Lauren Rogerson salue cette approche interdisciplinaire, qui constitue, selon elle, un «excellent pas en avant» : «C’est la meilleure façon de gérer des douleurs chroniques qui touchent tous les aspects de la vie, dont la santé mentale.»

La clinique peine cependant à répondre à la demande. Il faut attendre 12 à 18 mois pour avoir un rendez-vous. 

«Nous sommes limités en termes de patients, car aucun d’entre nous ne consacre 100 % de son temps à la clinique, qui fonctionne seulement un jour par semaine. Et nous ne sommes pas assez financés», explique Elizabeth Randle.

Lauren Rogerson est bénévole au sein du Réseau de l’Endométriose du Canada. L’Insulaire a souffert durant son adolescence d’une maladie apparentée à l’endométriose, le syndrome d’Allen et Masters.

Améliorer la formation

Pour améliorer la prise en charge des malades, Lauren Rogerson appelle à une meilleure éducation de tous les professionnels de santé, en particulier des médecins de famille.

«Ce sont eux que les femmes voient en premier, ils doivent être capables de leur donner les bonnes informations et de bien les orienter. On doit lutter contre les idées fausses et les préjugés», insiste la bénévole. 

Elizabeth Randle reconnaît volontiers le manque de formation du corps médical : «Il y a un manque d’attention portée à la santé des femmes. Tous les gynécologues ne sont pas à l’aise pour traiter de la douleur chronique qui peut survenir avec l’endométriose.»

La docteure pointe également les obstacles financiers auxquels se heurtent les patientes : «Elles n’ont souvent pas les moyens d’accéder à des traitements hormonaux et à des médicaments couverts par les régimes d’assurance-médicaments.»

À l’Île-du-Prince-Édouard, le Women and gender diverse people’s health hub fournit désormais des ressources sur l’endométriose aux habitants.

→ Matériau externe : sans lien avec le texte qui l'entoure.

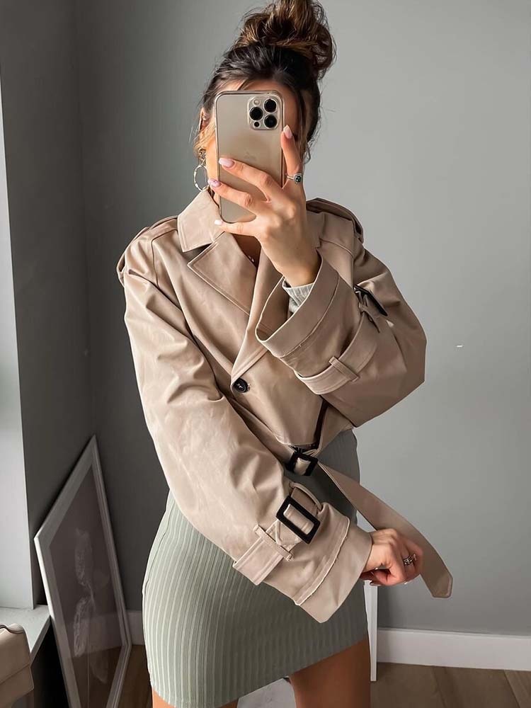 TRAF Women Coats Fashion With Belt Spring Crop Jackets Coat Vintage Long Sleeve Casual Street Female Outerwear Chic Tops

L’organisme prépare également une fiche d’information clinique à destination des professionnels de santé.

Au-delà des médecins, Lauren Rogerson insiste aussi sur l’importance de la sensibilisation dès le plus jeune âge, dans les écoles. En 2022, elle a collaboré avec des experts pour fournir des plans de cours sur l’endométriose à des classes de la 7e à la 12e année.